An editor altered the number of gallons allowed to be taken from the Ipswich from 2500 million to 2500. I believe your intent was sincere, but you did not follow WP procedure. The procedure calls for a request for a reference. Instead, you just changed it. This is intentionally an encyclopedia. We all know it is NOT that. But, to act in good faith, which I endorse, we should pretend it is. YOU cited the number of 2500 gallons, NOT I. You have no reference for that.

Now that this legalism is done with, let me say that, 2500 gallons cannot possibly be true. One company might use more than 2500 gallons in one day. You use several gallons just to take a shower, if you take your time. If I run a bath I use 10 gallons. You mean to say, the board could take no more than enough to run 250 baths in all of Salem and Beverly? Why, that amount of water might run by a section in a couple of seconds! If that were true, the two cities would would smell as Nahant and King's Beaches now do, for the sewage dumped illegally offshore, because no one would ever bathe. Come to beautiful downtown Beverly. See Beverly and retch.
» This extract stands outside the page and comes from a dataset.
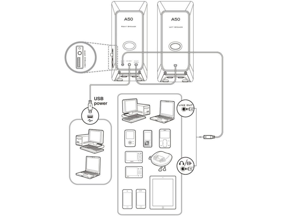 Kablet fjernkontroll for å slå PÅ/AV og justere volumet enkelt. Produkt: Produktbeskrivelse: CREATIVE A50 2.0 SPEAKER USB BLACK SYS SPKR A50 CLE-R N BK Beskrivelse: Creative A50 - Høyttalere - for PC - svart EAN-Kode: 5390660184673 Produsentens garanti: 24 måneder - Bring-In Warranty Generelt Produkttype: Høyttalere - for PC Egenskaper: Bassrefleks Eksteriørfarge: Svart Høyttalersystem Systemkomponenter: 2 høyttalere Høyttalertype: Aktiv Magnetskjold: Ja Forsterker: Integrert Kontroller: Strøm på/av, volum Koblinger Koplingstype: Lydinngang (minijack stereo 3,5 mm) Strømforsyning Strømkildetype: AC-strømadapter Alternativer: USB-drevet Mål og vekt Dimensjoner (BxDxH) / vektdetaljer: Høyttaler for venstre kanal: 7.4 cm x 8.3 cm x 16.3 cm / 239 g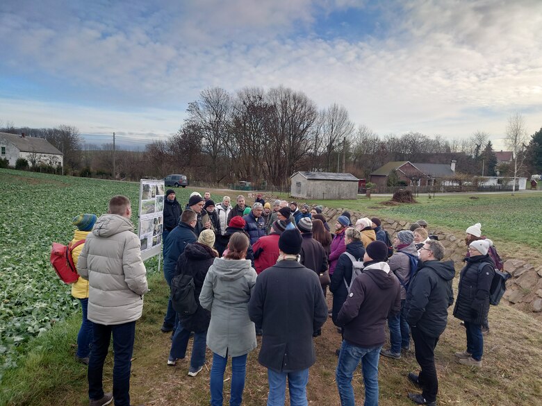 Am 25. November 2025 fand in Schrebitz, einem Ortsteil der Gemeinde Jahnatal, zum ersten Mal der Praxistag »Ländliche Neuordnung« statt. Rund 40 Teilnehmende nutzten die Gelegenheit, direkt vor Ort mit Vertreterinnen und Vertretern der Teilnehmergemeinschaft sowie der Oberen Flurbereinigungsbehörde ins Gespräch zu kommen. Dabei standen Fragen zur Planung, Umsetzung und Finanzierung verschiedener Maßnahmen im Mittelpunkt.

2500 million is what the act says. I will provide the online ref. As explanation, first let me say that the Ipswich is nothing compared to what it was, but that is a problem troubling most rivers flowing through populous areas. Everyone must have water. Long stretches of it dry up in summer. The pickerel I used to see there as a boy are not there now. People don't fish the Ipswich. There's no fish. Ships used to sail up the Ipswich and dock below the bridge. Hah. I've never seen any craft over 16 feet with a foot or two of draft.

Second, the law clearly intended that Salem and Beverly should have access to all the flow over 20 mil gal per day. So, they said up to 2500 mil per year, over the 20 mil.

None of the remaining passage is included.